Here the job is to transcribe only the lines from the one containing "Une invitation moderne" through the last line below, exactly as written; please leave out pictures.

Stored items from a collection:

_ _ _ _ _

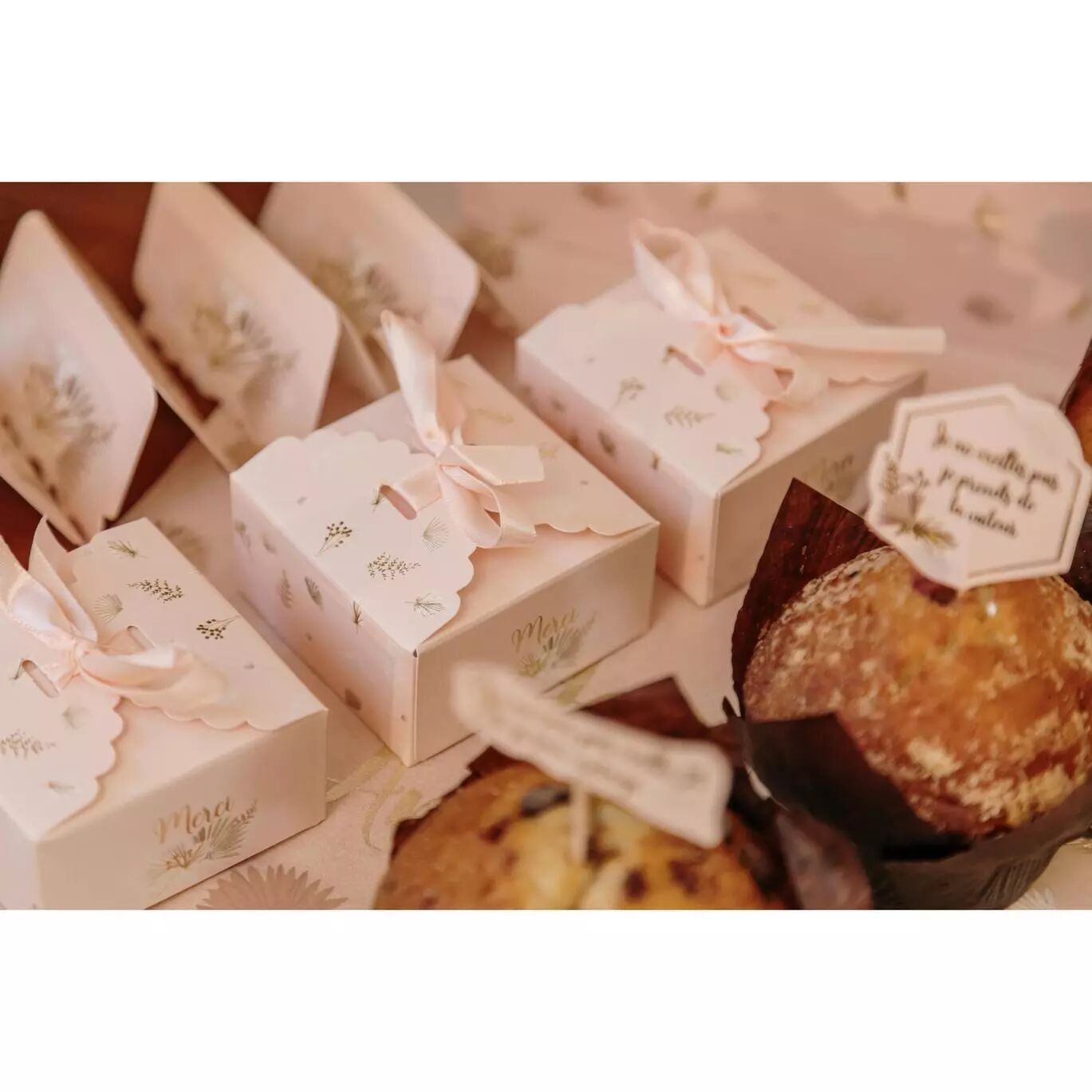 8 Contenants Festonnés Boho Papier Merci Blush et Or 7x7x3,5cm + Ruban Satin Blush
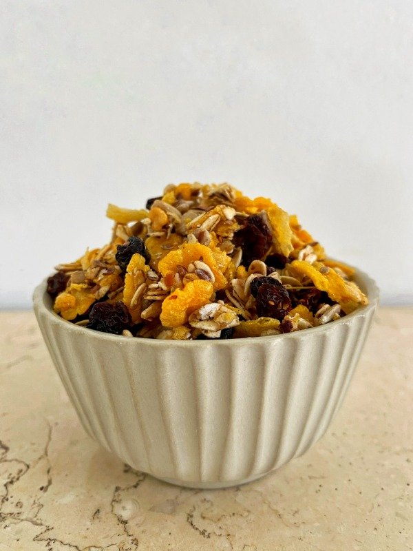 Natural, crocante y llena de energía. Nuestra granola simple combina lo mejor de la naturaleza: copos de maíz, avena, semillas de girasol y lino, junto con pasas de uva morochas que aportan un dulzor natural y delicioso. Una mezcla equilibrada levemente endulzada, ideal para disfrutar en cualquier momento del día. Sin conservantes. Presentación: 500 grs. Conservación: Guardar en lugar fresco y seco.
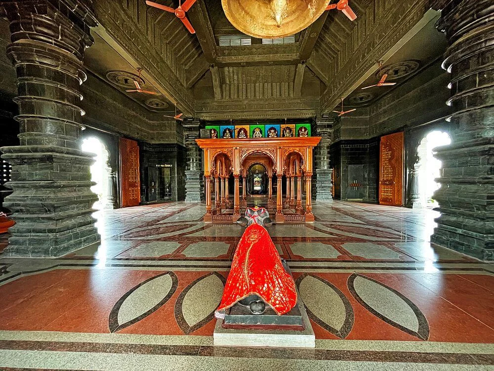 From the main gate, a few stone steps lead up to the elevated temple plinth, where a circular lamp tower (Deepmala) carved with floral motifs stands alongside a sculpted Tulsi Vrindavan. Ascending five steps, devotees reach the Sabhamandap, with a black stone Nandi facing the sanctum. The open hall, supported by twelve wooden pillars joined by arches, allows circumambulation — a practice believed to bring peace and health. Carved corner pillars, a layered ceiling with divine imagery, and latticed stone windows enhance the hall’s aesthetic and ventilation.
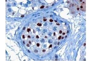 Peptide ELISA: Limit dilution 1: 32000. Western blot: 0.2-1 μg/mL. Approx 55-60 kDa band observed in Human Testis and Ovarylysates (predicted size of approx.50 kDa according to NP_002259.1). Immunohistochemistry: In paraffin embedded Human Testis, shows strong nuclearstaining of some cells in the seminiferous tubules (3 μg/mL). In paraffin embedded HumanSmall Intestine shows pixulate staining in nuclei of enterocytes (1-2 μg/mL).
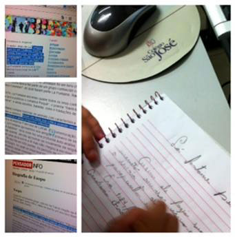 2º - Para pesquisar utilizaram site de busca e navegaram na web para retirar informações e registrar no formato de escrita e de imagens. Algumas duplas pesquisaram as curiosidades (informações) sobre ESOPO e outras duplas sobre LA FONTAINE e fizeram seus registros.
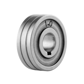Сменный элемент подающего механизма сварочного аппарата. Ролики подающие подбираются в зависимости от вида сварочной проволоки и её диаметра. Данные ролики предназначены для работы со стальной, алюминиевой, порошковой проволоками диаметром 0.8—1.0 мм.
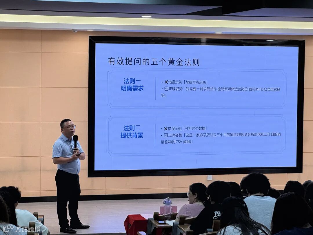 "同学们,AI不是科幻电影里的神秘存在,它已经渗透到我们生活的每个角落。"李伟青先生以轻松幽默的开场白打破了传统讲座的严肃氛围。
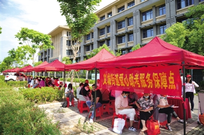 志愿者搭建休息凉篷给送考家长在校外等候。 ■ 记者 周诚
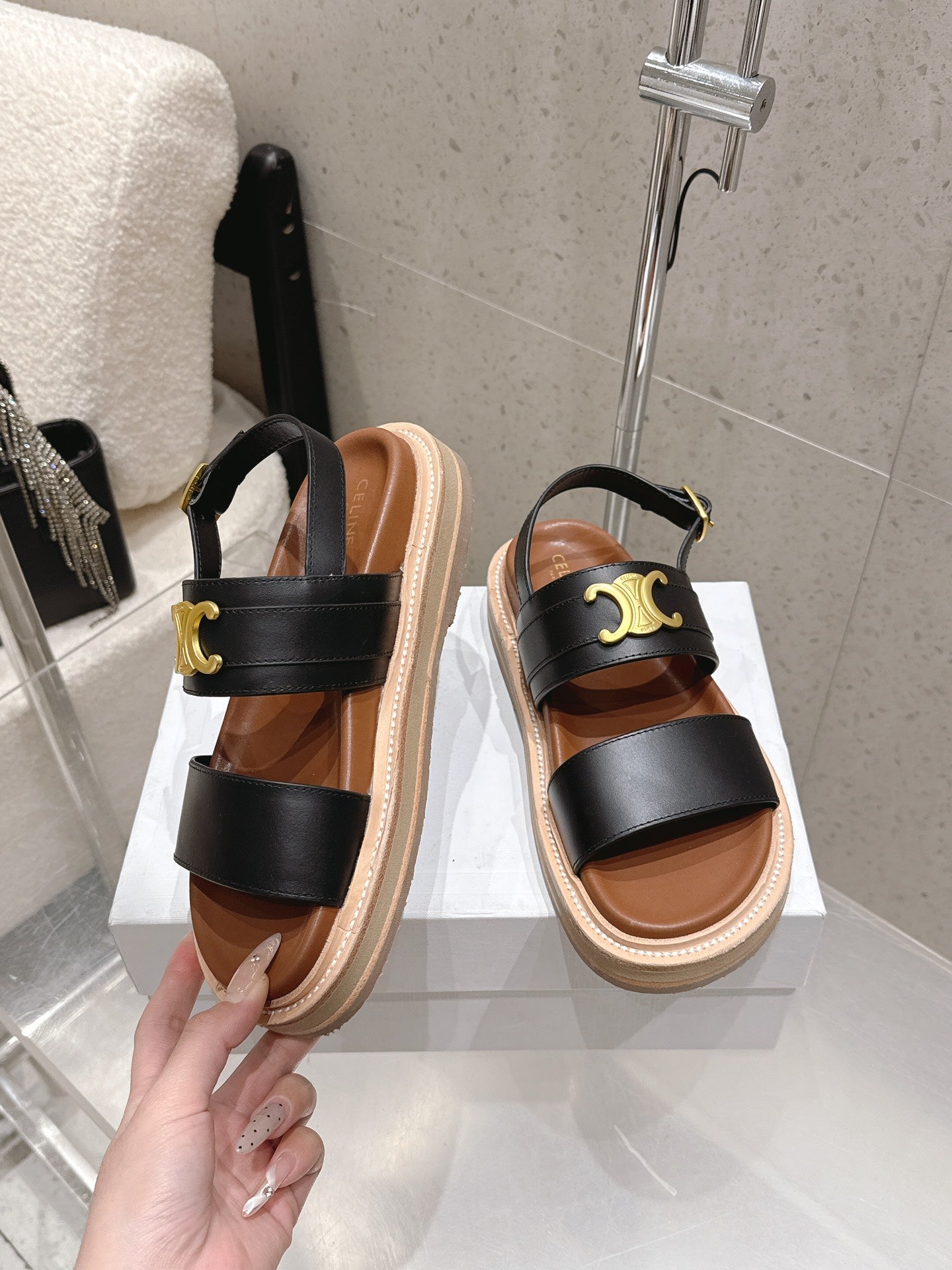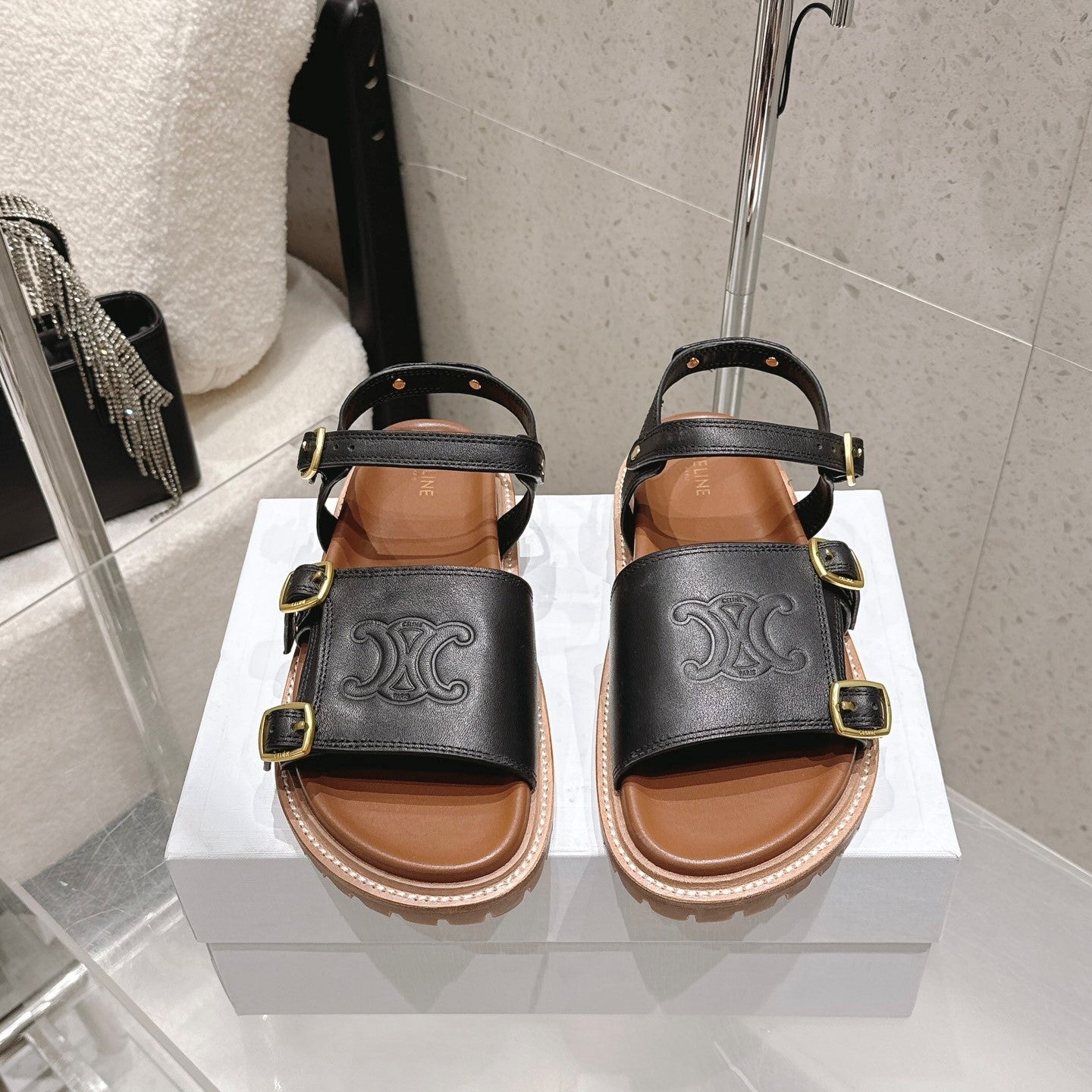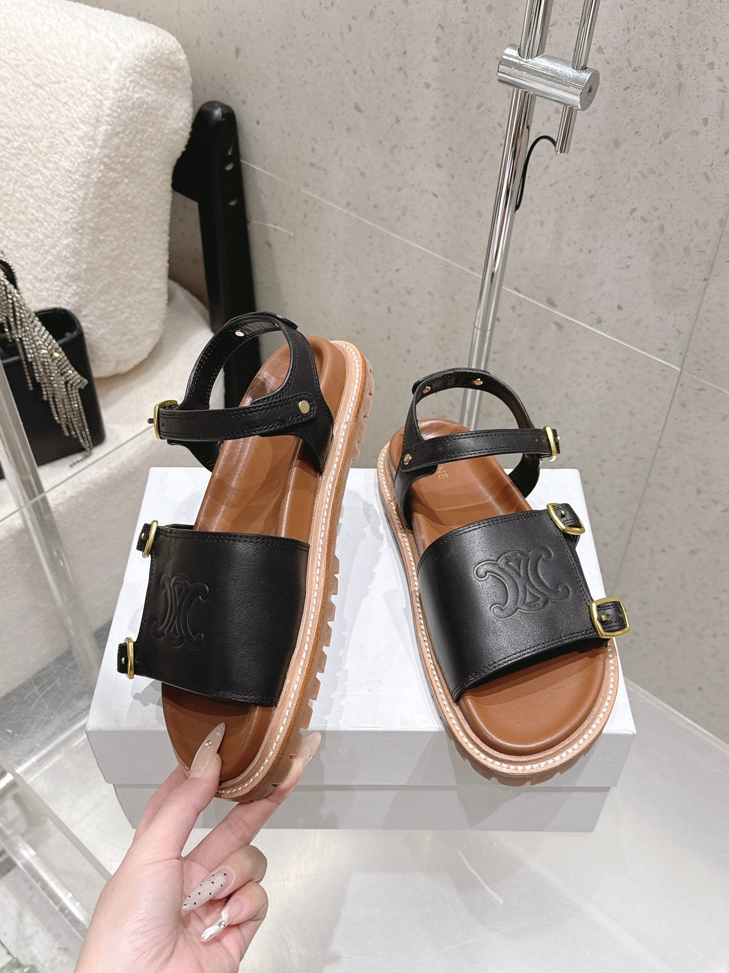 Celine Triomphe Sandals Black Brown Calfskin 610937
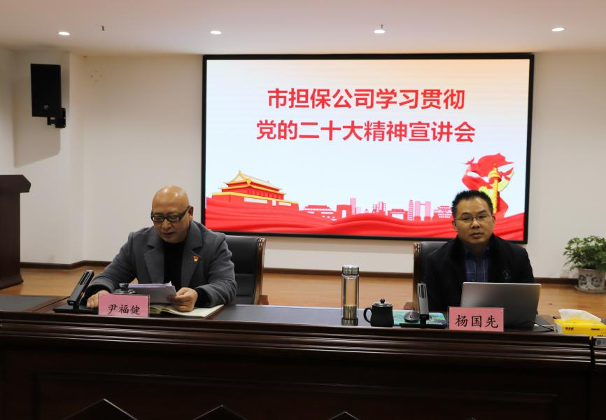 為深入學(xué)習(xí)貫徹黨的二十大精神,12月1日,市擔(dān)保公司邀請(qǐng)市委黨校副校長(zhǎng)楊國先作黨的二十大精神專題宣講。市擔(dān)保公司黨支部書記、董事長(zhǎng)尹福健主持會(huì)議。
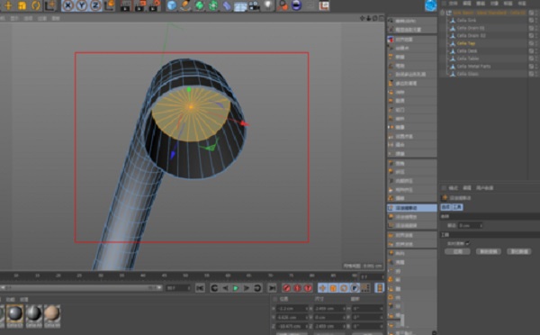 3.接下来,为了避免穿帮,将水龙头的出水处进行挤出操作,并将其顶面删掉。
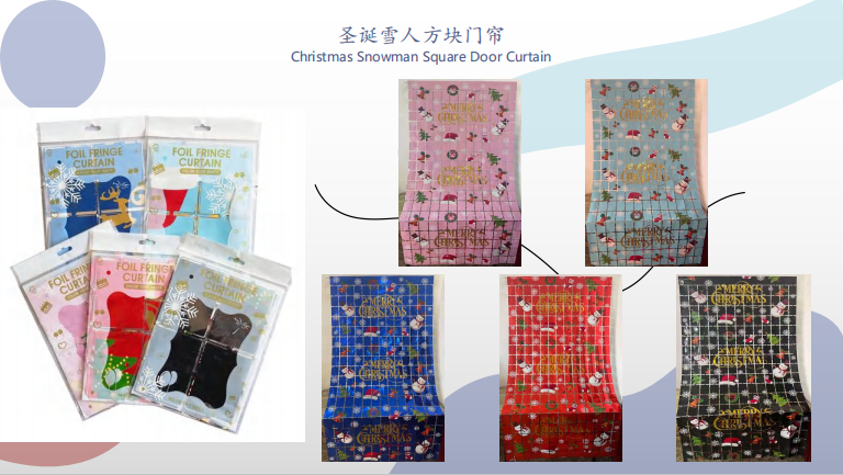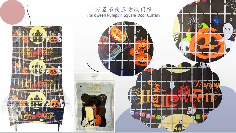 Nagu jõuluteemaline roheline ja punane fooliumkardin, Halloweeni-teemaline must ja oranž fooliumikardin ning fooliumikardin kõrvitsate, nahkhiiri, ämblike ja muude kujudega, mida saab kasutada puhkusekaunistamiseks kodudes, kaubanduskeskustes, baarides ja mujal.
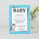 Une invitation moderne au baby shower zébrée en turquoise bleu et noir. Parfait pour un petit baby shower de fille ou de garçon ! Graphiques © Doodles de trappin à www.scrappindoodles.com
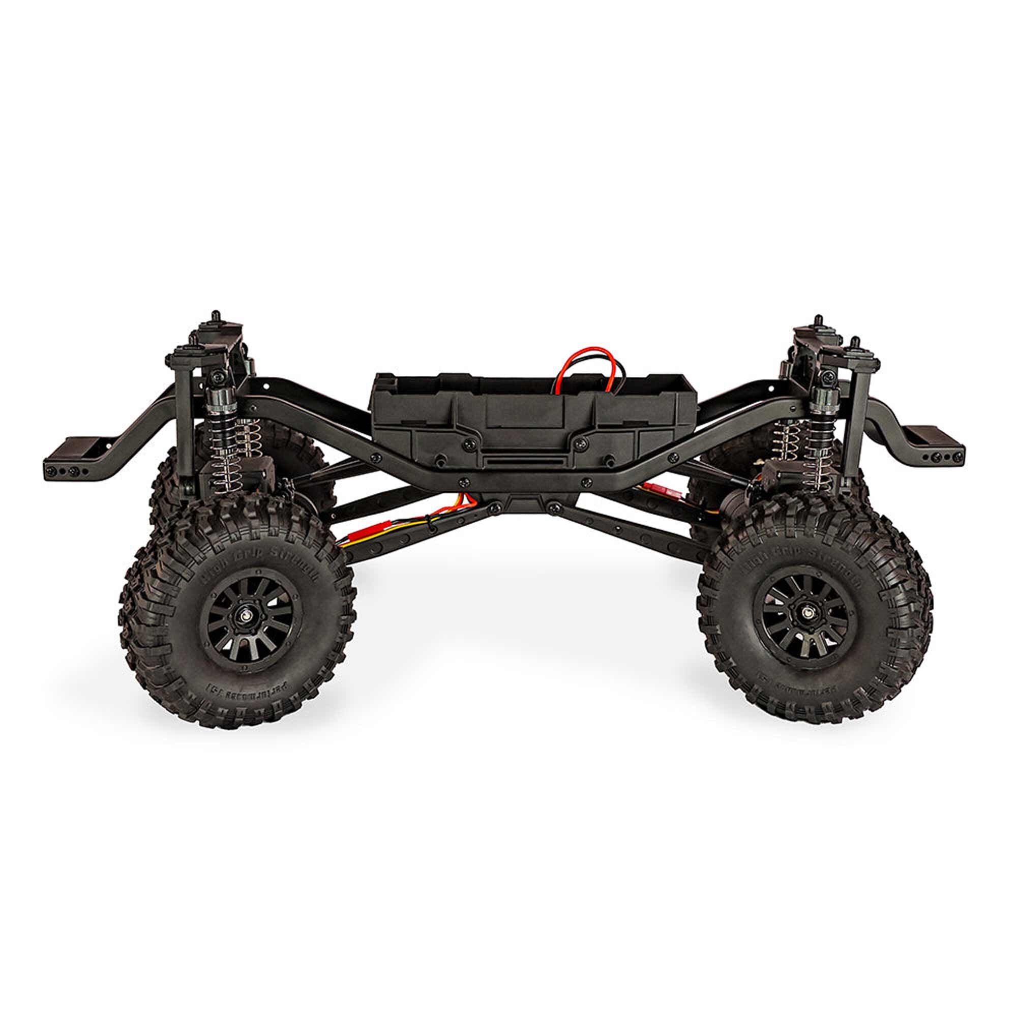 - 4WD rock crawler, 2.4GHz radio, 4-mode 4 Wheel steering, 2 steering servos, Lightweight plastic chassis, Solid axles, Motors on axles (MOA), Multi link suspension, Aluminum capped oil filled shocks.

_ _ _ _ _

_ANSWER TO THE EXERCISE:_
 Une invitation moderne au baby shower zébrée en turquoise bleu et noir. Parfait pour un petit baby shower de fille ou de garçon ! Graphiques © Doodles de trappin à www.scrappindoodles.com
 - 4WD rock crawler, 2.4GHz radio, 4-mode 4 Wheel steering, 2 steering servos, Lightweight plastic chassis, Solid axles, Motors on axles (MOA), Multi link suspension, Aluminum capped oil filled shocks.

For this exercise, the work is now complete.